- EXERCISE DESCRIPTION: Please reproduce all the data exactly as written and omit the pictures.
Start of EXERCISE DATA
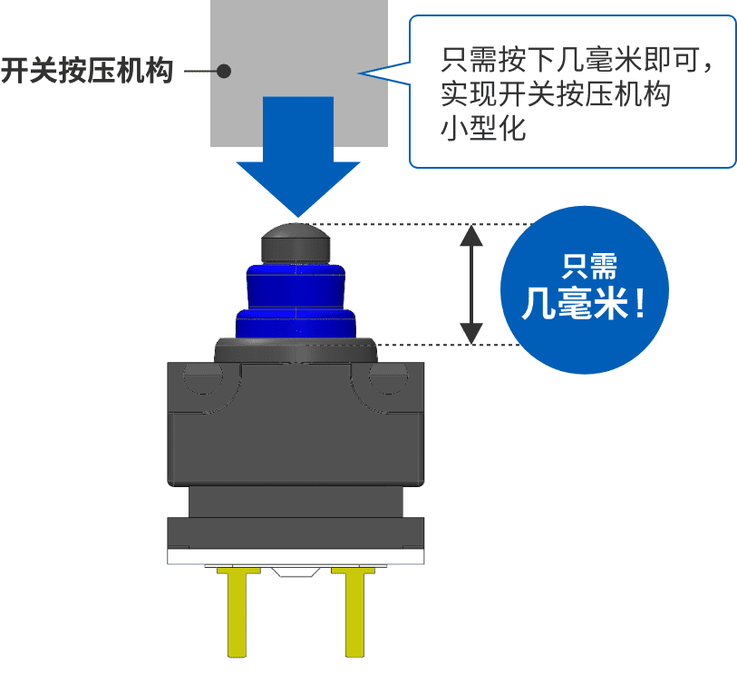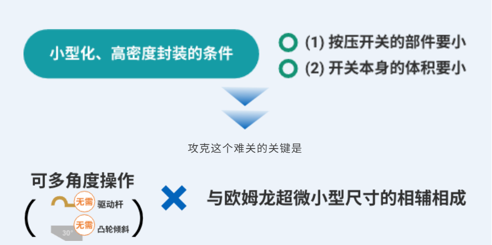 实现(1)和(2)最简单的方法就是从正上方按压,也就是从行程(完全按下开关的距离)最短的角度按压。但要设计行程只有几毫米的超微小型开关的垂直按压并不容易。
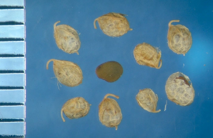 Forme : ellipsoïde avec hernie radiculaire ne dépassant pas les 2/3 du côté de la graine ; pas de V micropylaire visible ;
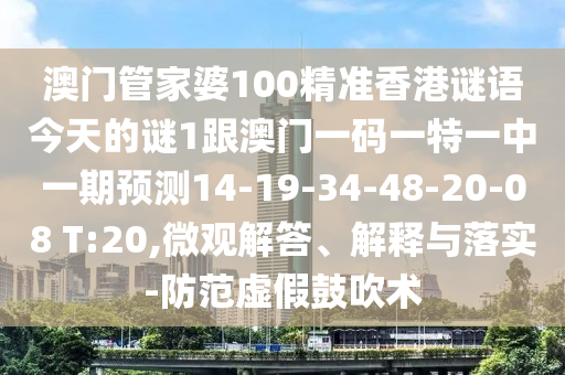 澳門管家婆100精準香港謎語今天的謎1跟澳門一碼一特一中一期預測14-19-34-48-20-08 T:20:微觀解答、解釋與落實
End of EXERCISE DATA
- FINISHED EXERCISE:
 实现(1)和(2)最简单的方法就是从正上方按压,也就是从行程(完全按下开关的距离)最短的角度按压。但要设计行程只有几毫米的超微小型开关的垂直按压并不容易。
 Forme : ellipsoïde avec hernie radiculaire ne dépassant pas les 2/3 du côté de la graine ; pas de V micropylaire visible ;
 澳門管家婆100精準香港謎語今天的謎1跟澳門一碼一特一中一期預測14-19-34-48-20-08 T:20:微觀解答、解釋與落實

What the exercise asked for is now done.